Let's first look at what researchers who have been deeply involved in this field have done.

The biggest bottleneck for robots is the scarcity of data. Unlike the data driving large language models, which is freely available text data on the internet, robotics requires multimodal data, which does not exist on the web, as it interacts with the physical world. Every researcher trying to train robots must collect all data themselves using functional robots in physical spaces. Hardware limitations exacerbate this problem – it is very difficult to build a sufficiently powerful robotic actuator system, and all of this must interconnect with non-standardized components.

Even Google could not overcome this problem. It built a "farm of robotic arms" consisting of 14 robots that ran continuously for 3,000 hours just to achieve reliable grasping. Due to the lack of hardware standardization, researchers are forced to build makeshift robots and then manually collect training data, a process that consumes a lot of time and resources.

Source: Google – Large-scale data collection with an array of robots

However, today, significant research and funding across the entire robotics stack have led to a series of breakthroughs. Advances in realistic simulation data, the ability to scale real-world training across multiple robots, and the rise of foundation models have opened the door to more intelligent systems. Meanwhile, hardware advancements, such as electric actuators, have significantly reduced costs and given robots higher efficiency to operate at the required levels of precision, unlocking previously impossible new movements.

General purpose robotics is finally becoming a possibility.

The first direction for general purpose robotics will be into the "partially unstructured" domain – initially in their most common environment, factories. In factories, this means operating outside their isolated, predefined environments and handling multiple tasks. As robots gradually move towards general purpose domains, they will replace increasingly difficult and diverse tasks in factory environments until they can achieve full automation.

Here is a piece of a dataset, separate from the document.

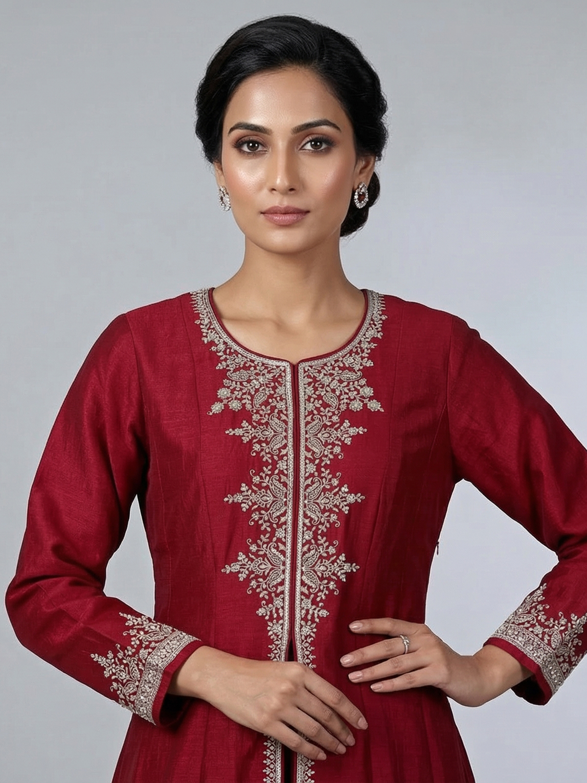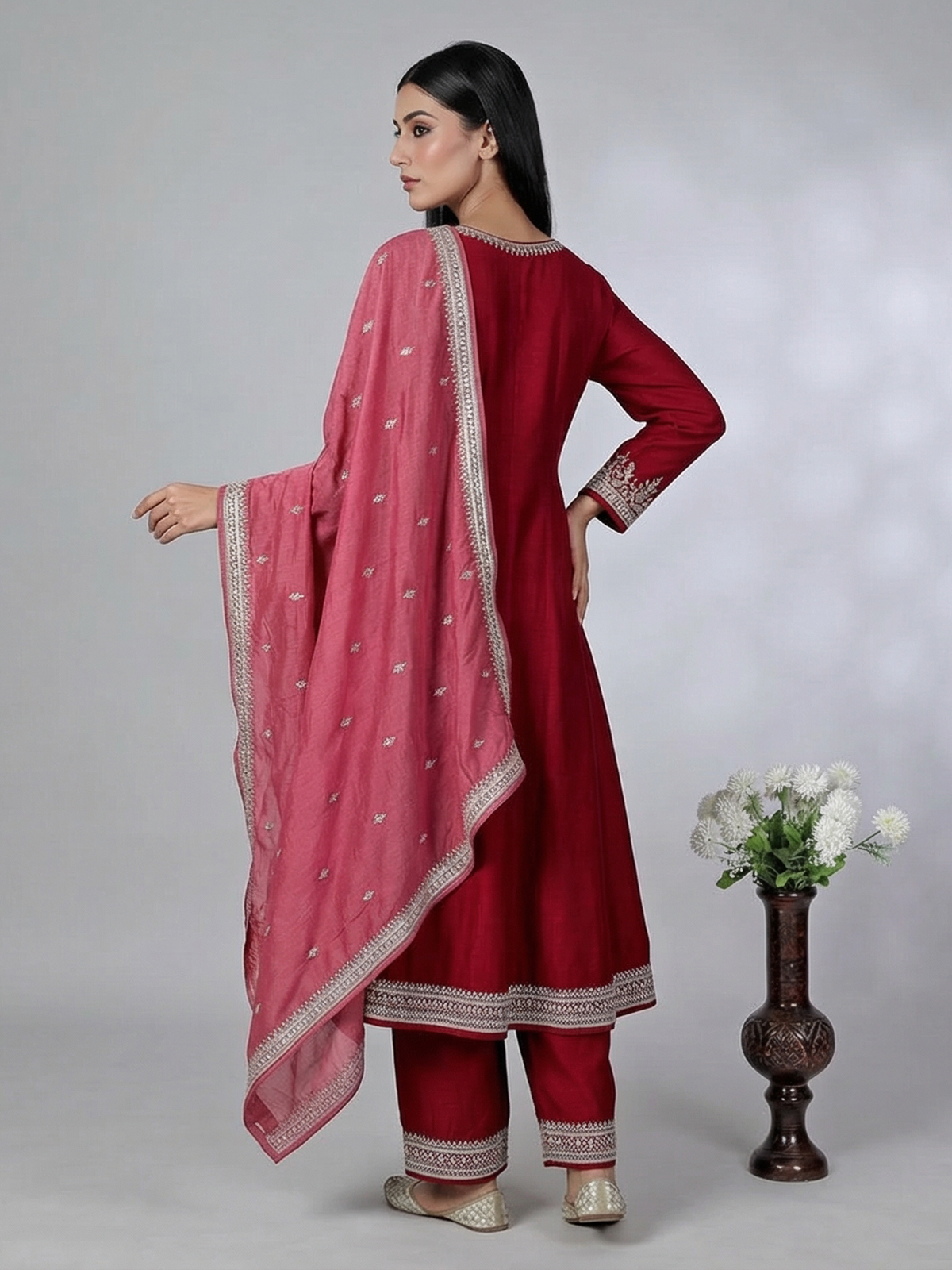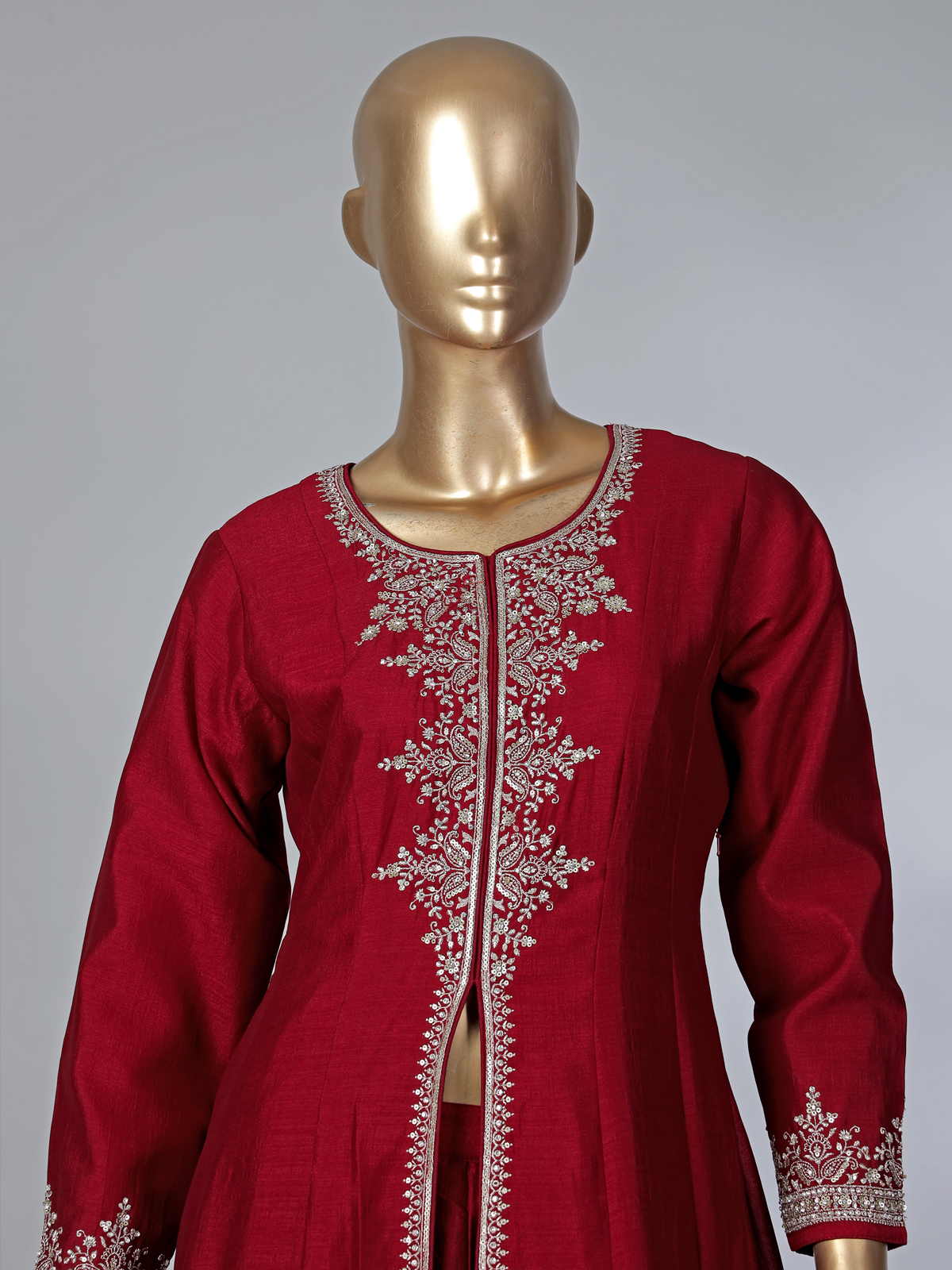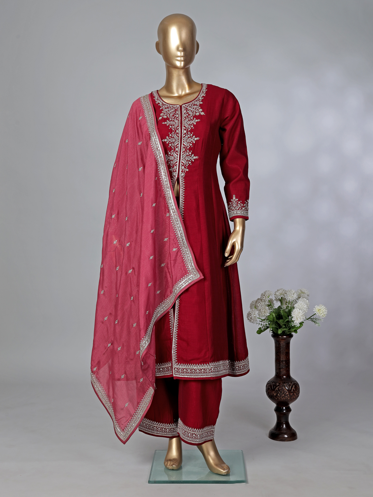 Deep Red Silk Festive Palazzo Suit With Embroidery And Dupatta

A more challenging domain for robots is the human-inhabited domain. In this domain, robots need to be smart and safe enough to operate in completely unstructured and dynamic environments. Due to unpredictable human behavior, robots need to adapt to avoid safety risks. Besides full automation in industries, these robots will also alleviate shortages of elderly caregivers, improve hospital efficiency, enhance surgical accuracy, and perform dangerous construction tasks, thereby meeting almost all labor needs.

Cannot do without China's robot hardware manufacturing

a. What is needed to manufacture robots?

After understanding the development of robotics technology, we know the current bottlenecks of robots and their necessity for human society.

The robot components market is dominated by a few key players.

However, where robots require large-scale production capabilities – low cost, high volume, and high quality – most come from China. The United States has lost its leadership position in many aspects. We try to understand the key components of robots and the dominance of various countries in them from this section.

In hardware, actuators, motors, and drives are components that generate motion by converting electrical input into hydraulic, pneumatic, or more commonly, electrical output.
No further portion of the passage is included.